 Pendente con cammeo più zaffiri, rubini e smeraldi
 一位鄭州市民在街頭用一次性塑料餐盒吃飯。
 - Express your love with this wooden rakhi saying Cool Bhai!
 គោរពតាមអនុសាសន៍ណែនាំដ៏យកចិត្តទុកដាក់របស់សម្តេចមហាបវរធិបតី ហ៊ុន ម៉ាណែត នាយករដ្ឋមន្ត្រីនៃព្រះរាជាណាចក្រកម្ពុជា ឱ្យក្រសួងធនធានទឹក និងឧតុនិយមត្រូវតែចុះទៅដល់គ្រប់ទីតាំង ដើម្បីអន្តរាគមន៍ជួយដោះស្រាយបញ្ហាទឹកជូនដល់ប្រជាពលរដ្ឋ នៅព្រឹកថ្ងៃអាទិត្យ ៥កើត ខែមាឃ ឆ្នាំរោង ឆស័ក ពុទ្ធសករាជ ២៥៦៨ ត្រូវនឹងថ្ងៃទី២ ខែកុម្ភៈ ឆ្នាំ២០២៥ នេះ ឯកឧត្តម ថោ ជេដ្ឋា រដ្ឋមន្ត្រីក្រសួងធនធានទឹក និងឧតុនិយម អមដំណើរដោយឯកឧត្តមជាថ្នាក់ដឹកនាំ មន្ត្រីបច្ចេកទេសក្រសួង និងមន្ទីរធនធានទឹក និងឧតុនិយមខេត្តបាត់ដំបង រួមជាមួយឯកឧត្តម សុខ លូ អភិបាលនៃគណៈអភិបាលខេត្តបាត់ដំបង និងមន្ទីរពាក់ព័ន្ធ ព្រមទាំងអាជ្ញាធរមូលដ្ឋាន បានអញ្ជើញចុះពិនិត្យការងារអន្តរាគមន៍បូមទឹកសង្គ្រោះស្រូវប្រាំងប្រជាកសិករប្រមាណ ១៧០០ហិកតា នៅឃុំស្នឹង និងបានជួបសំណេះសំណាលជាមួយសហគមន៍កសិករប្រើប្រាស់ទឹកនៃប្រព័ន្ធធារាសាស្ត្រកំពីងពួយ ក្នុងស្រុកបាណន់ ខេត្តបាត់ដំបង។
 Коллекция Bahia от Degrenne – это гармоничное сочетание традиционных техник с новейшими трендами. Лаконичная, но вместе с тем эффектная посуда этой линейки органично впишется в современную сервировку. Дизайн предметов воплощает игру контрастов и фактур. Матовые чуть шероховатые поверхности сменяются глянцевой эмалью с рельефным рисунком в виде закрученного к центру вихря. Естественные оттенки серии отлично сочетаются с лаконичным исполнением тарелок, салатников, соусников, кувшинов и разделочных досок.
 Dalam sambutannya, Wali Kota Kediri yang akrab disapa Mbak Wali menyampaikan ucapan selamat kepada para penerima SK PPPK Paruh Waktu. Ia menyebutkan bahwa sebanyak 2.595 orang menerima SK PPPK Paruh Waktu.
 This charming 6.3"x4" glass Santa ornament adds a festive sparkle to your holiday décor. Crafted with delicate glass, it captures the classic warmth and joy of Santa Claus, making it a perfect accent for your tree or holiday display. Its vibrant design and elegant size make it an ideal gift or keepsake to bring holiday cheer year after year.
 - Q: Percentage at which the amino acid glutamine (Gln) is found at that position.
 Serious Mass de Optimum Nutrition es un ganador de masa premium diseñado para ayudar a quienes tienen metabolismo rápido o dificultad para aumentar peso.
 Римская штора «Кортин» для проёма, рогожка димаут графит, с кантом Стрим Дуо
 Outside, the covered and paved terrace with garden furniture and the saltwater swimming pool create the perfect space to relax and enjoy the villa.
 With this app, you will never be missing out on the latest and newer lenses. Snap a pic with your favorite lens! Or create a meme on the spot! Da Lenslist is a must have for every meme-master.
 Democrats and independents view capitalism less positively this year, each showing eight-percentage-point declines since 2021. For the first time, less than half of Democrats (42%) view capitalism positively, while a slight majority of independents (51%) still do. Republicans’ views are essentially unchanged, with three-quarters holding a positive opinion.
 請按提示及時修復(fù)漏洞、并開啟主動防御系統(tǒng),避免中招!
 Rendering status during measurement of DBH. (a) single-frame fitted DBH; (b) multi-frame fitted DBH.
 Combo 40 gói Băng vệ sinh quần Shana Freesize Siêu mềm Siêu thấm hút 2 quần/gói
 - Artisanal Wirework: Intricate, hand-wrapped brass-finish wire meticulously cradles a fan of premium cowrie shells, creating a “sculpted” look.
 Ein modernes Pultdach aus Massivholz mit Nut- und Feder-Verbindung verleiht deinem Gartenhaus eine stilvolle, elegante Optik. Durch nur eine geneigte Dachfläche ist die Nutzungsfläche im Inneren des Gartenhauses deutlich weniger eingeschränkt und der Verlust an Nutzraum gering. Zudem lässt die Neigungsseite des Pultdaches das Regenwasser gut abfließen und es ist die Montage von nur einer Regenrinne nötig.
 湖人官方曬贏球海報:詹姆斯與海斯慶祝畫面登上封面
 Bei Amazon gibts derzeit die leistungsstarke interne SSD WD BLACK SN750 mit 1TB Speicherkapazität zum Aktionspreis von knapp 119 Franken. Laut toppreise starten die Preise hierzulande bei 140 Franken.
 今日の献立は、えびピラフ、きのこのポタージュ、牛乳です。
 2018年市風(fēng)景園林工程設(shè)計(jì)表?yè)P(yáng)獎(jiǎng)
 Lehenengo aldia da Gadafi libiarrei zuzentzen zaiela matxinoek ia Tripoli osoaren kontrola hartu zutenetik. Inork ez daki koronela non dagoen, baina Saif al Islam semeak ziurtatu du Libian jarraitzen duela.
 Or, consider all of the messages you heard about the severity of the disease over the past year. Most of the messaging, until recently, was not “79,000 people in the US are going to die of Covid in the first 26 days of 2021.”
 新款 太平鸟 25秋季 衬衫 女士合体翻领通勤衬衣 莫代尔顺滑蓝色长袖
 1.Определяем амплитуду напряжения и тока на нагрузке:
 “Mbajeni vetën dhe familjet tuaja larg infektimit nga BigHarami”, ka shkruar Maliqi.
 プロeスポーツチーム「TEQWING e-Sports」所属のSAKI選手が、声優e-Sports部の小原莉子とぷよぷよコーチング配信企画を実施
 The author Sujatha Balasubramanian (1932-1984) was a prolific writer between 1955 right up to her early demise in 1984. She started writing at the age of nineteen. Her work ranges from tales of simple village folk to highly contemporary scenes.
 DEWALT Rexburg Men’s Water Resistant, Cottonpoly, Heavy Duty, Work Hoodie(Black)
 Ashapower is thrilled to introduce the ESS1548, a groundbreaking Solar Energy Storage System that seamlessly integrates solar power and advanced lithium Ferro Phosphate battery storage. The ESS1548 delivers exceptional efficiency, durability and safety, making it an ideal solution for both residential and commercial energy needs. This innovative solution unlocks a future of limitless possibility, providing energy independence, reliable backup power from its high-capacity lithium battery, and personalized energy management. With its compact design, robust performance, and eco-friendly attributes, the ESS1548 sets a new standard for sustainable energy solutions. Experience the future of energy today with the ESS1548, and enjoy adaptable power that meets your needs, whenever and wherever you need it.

Exercise: Of the entries above, transcribe exactly those lines that fall between the line containing "今日の献立は、えびピラフ、きのこのポタージュ、牛乳です。" and the line containing "Lehenengo aldia da", together with those two lines.

Output of the task:
 今日の献立は、えびピラフ、きのこのポタージュ、牛乳です。
 2018年市風(fēng)景園林工程設(shè)計(jì)表?yè)P(yáng)獎(jiǎng)
 Lehenengo aldia da Gadafi libiarrei zuzentzen zaiela matxinoek ia Tripoli osoaren kontrola hartu zutenetik. Inork ez daki koronela non dagoen, baina Saif al Islam semeak ziurtatu du Libian jarraitzen duela.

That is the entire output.